Nun gilt es aber auch einen Blick auf unsere Kirche zu werfen: Das kirchliche Leben befindet sich ja schon längere Zeit in einem Lockdown. Denn Kirche kann durch ihr starres Festhalten an alten Formen, Regeln und theologischen Aussagen mit der Moderne nicht mehr mithalten. Die Leute verstehen die Kirche nicht mehr. Theologische Streitigkeiten und Rivalitäten gehen völlig an den Menschen heute vorbei. Die moralische Autorität der Kirche hat durch Klerikalismus, geistigen und sexuellen Missbrauch sowie durch zwielichtige wirtschaftliche Machenschaften schweren Schaden genommen. Gleichzeitig sehen wir hohe Wertschätzung des caritativen Engagements der Kirchen, ihres Einsatzes für Menschenwürde, Menschenrechte, soziale Gerechtigkeit. Die Kirche verfügt aus ihren geistigen Grundlagen heraus über einen reichen Schatz an Erfahrungen und Lebensweisheit. Wir haben die Verheißung Jesu, dass er mit seinem Heiligen Geist immer bei uns ist und in uns und durch uns wirkt. Doch wie viel Raum geben wir diesem Heiligen Geist? Lassen wir uns von ihm antreiben oder treiben andere Interessen unser kirchliches Handeln? Aber auch persönlich ist jeder/jede von uns mit der Frage konfrontiert: Von welchem Geist, von welchen Motiven lasse ich mich leiten und antreiben? Braucht es erst einen persönlichen Lockdown in Form einer persönlichen Krise, einem Burnout oder einer schweren Krankheit, dass ich zum Nachdenken komme? Wie nachhaltig und wie krisenfest sind meine persönlichen Lebensziele? Von welchen Werten lasse ich mich leiten? Man kann sich dem Heiligen Geist auch öffnen, ohne dass man durch eine Krise dazu genötigt wird.

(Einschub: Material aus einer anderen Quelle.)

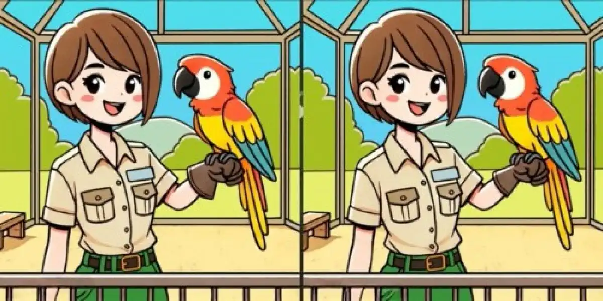 Този визуален пъзел с момиче и папагал изглежда просто, но за 17 секунди трябва да откриете три фини разлики. Уловката често е в детайли, които мозъкът пропуска на пръв поглед – цветът на дреха, формата на предмет или дори изражението на лице.
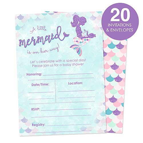Mermaid Baby Shower Invitations for A Girl Fill In Style 20 Count - A Little Mermaid is On The Way
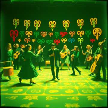 Traditional Celtic music, big orchestra, brass ensemble, male choir, percussion, William Walton, Ralph Vaughan Williams, Irish, dance, Dorian mode, Ray scale, Lydian scale, Phrygian scale, call and response, hand over, fiddle, bagpipes, Irish harp, Irish flute, Recorder, Corna muse, hand drum, hand bell, fast, drone bass, viola da gamba, big drum, intense, lively, nostalgic, ‑Piano solo, ‑Piano accompaniment, ‑Piano ceponcerto, ‑concerto, ‑drums, ‑percussion
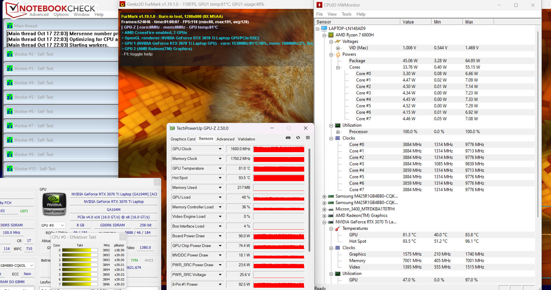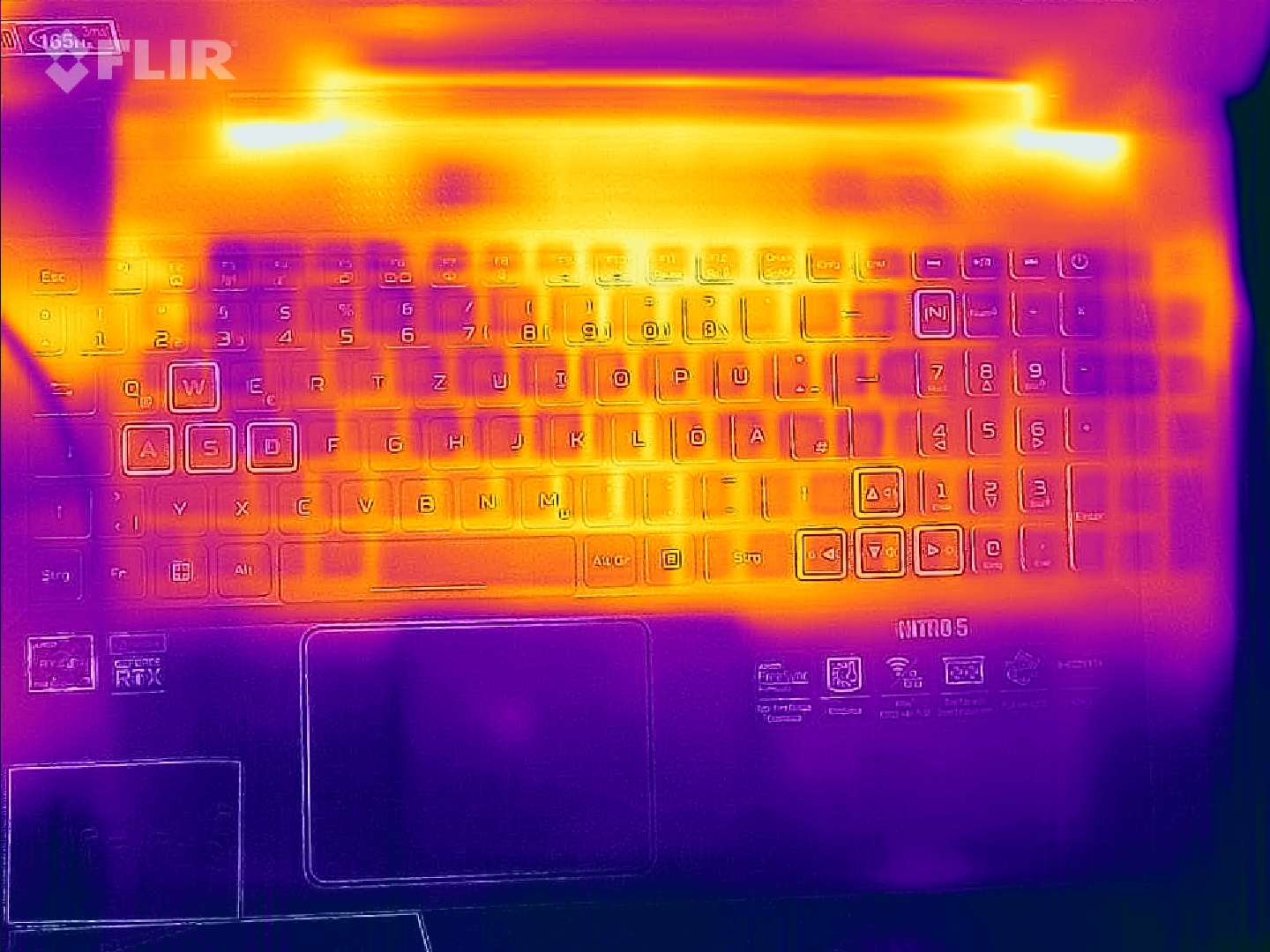 CPU und GPU können mit konstant hohen Taktraten arbeiten. Positiv: Der Rechner erwärmt sich unter Last nur moderat. Allerdings bewegt sich die Lärmentwicklung auf klassenüblichem Niveau - der Rechner wird laut. Der matte 15,6-Zoll-Bildschirm (FHD, IPS, 165 Hz) hat weitgehend einen guten Eindruck hinterlassen.
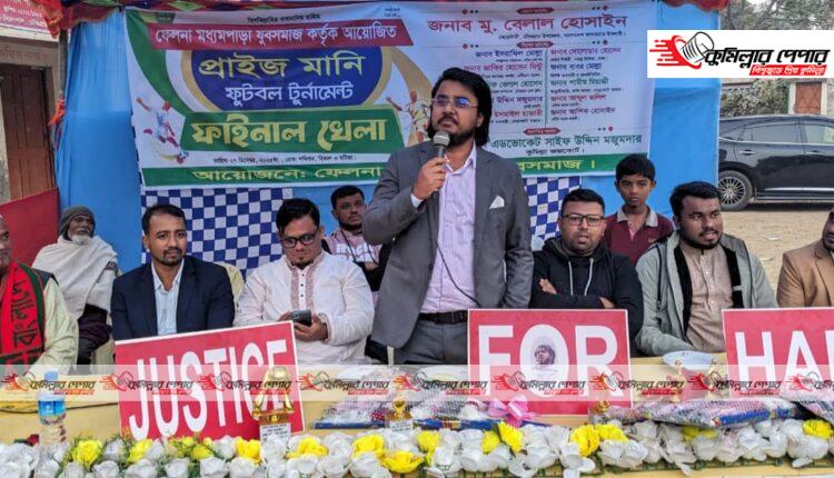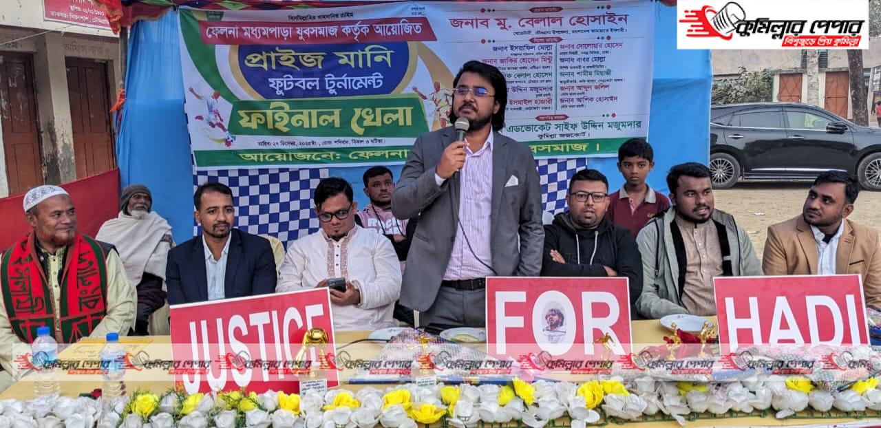 ‘আমরা সবাই হাদী হবো, যুগে যুগে লড়ে যাবো। তুমি কে, আমি কে… হাদী হাদী। জাস্টিস ফর হাদী’ এমন স্লোগানে শহীদ ওসমান হাদীকে স্মরণ করেছে কুমিল্লার চৌদ্দগ্রামের একদল ফুটবল প্রেমী যুবক। শনিবার বিকেলে উপজেলার মুন্সীরহাট ইউনিয়নের ফেলনা মধ্যমপাড়া যুব সমাজের উদ্যোগে ফুটবল টুর্নামেন্টের ফাইনাল খেলার শুরুতে ওসমান হাদীর স্মরণে দুই দলের খেলোয়াড়েরা নানান স্লোগান দেন এবং এক মিনিট নীরবতা পালন করেন।
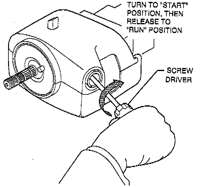 b. Insert key and turn to "RUN" position.
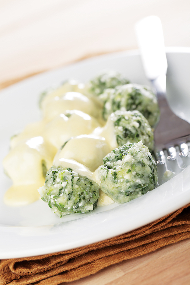 Lași spanacul să se dezghețe într-o strecurătoare. În așa fel se și scurge. Adaugi peste ele usturoiul pisat, urda, grișul și oul. Amesteci până se omogenizează și obții o pastă mai groasă. Dacă este prea moale, mai pui puțin griș.
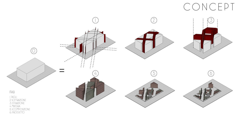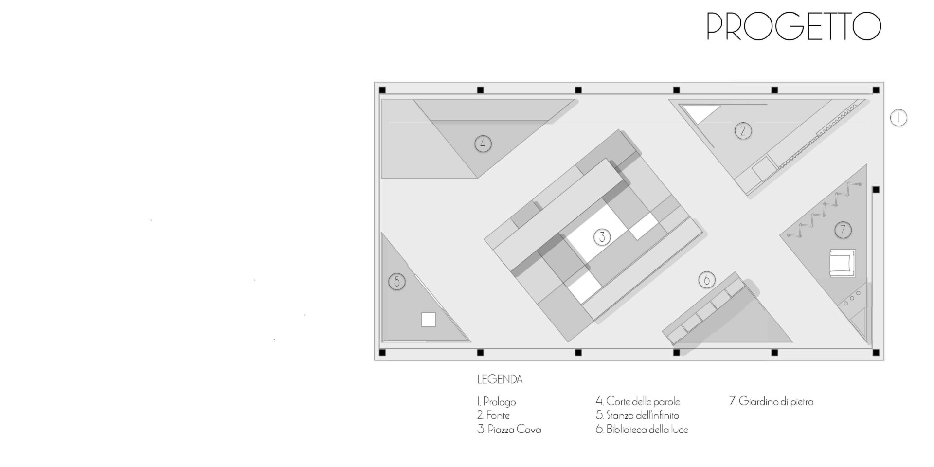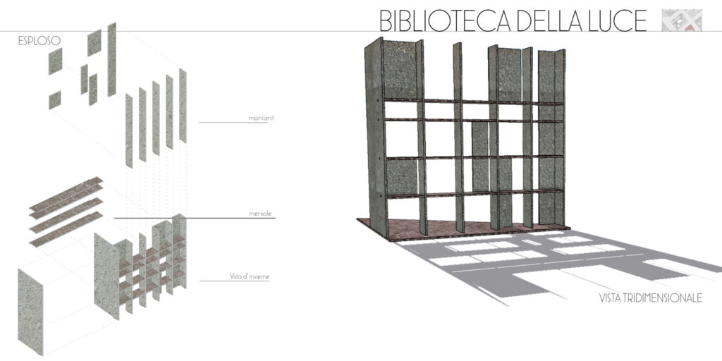 In basso nel baricentro si attraversa uno spazio semi contenitivo che tagliato dalla luce allude ad una biblioteca tra luce e cultura.

Schauen wir auf das Pfingstereignis, da war vom Sturm die Rede. Am Anfang der Corona-Krise stand Papst Franziskus auf einem menschenleeren Petersplatz und seine Botschaft lautete: „Der Sturm legt unsere Verwundbarkeit bloß und deckt jene falschen und unnötige Gewissheiten auf, auf die wir bei unseren Plänen Projekten, Gewohnheiten und Prioritäten gebaut haben. Er macht sichtbar, wie wir die Dinge vernachlässigt und aufgegeben haben, die unser Leben und unsere Gemeinschaft nähren, erhalten, stark machen. In unserer Gewinnsucht haben wir uns ganz von den materiellen Dingen in Anspruch nehmen lassen und von der Eile betäuben lassen. Wir haben vor deinen (also Gottes) Mahnrufen nicht angehalten wir haben uns von Kriegen und weltweiter Ungerechtigkeit nicht aufrütteln lassen, wir haben nicht auf den Schrei der Armen und unseres schwer kranken Planeten gehört. Wir haben unerschrocken weitergemacht in der Meinung, dass wir in einer kranken Welt immer gesund bleiben würden... Pfingsten ist Anlass, den Heiligen Geist zu bitten und ihn einzuladen, unsere Furcht zu vertreiben und unsere Bequemlichkeit, um neue Wege gehen zu können und das eigene persönliche Leben fruchtbar zu machen. „Die Welt nach Corona wird eine andere sein!“ So sagte der Bundespräsident Walter Steinmeier. Ja die Welt wird eine andere sein, wenn wir geisterfüllt mitmachen, so dass eine lebenwerte Zukunft entstehen kann. Amen.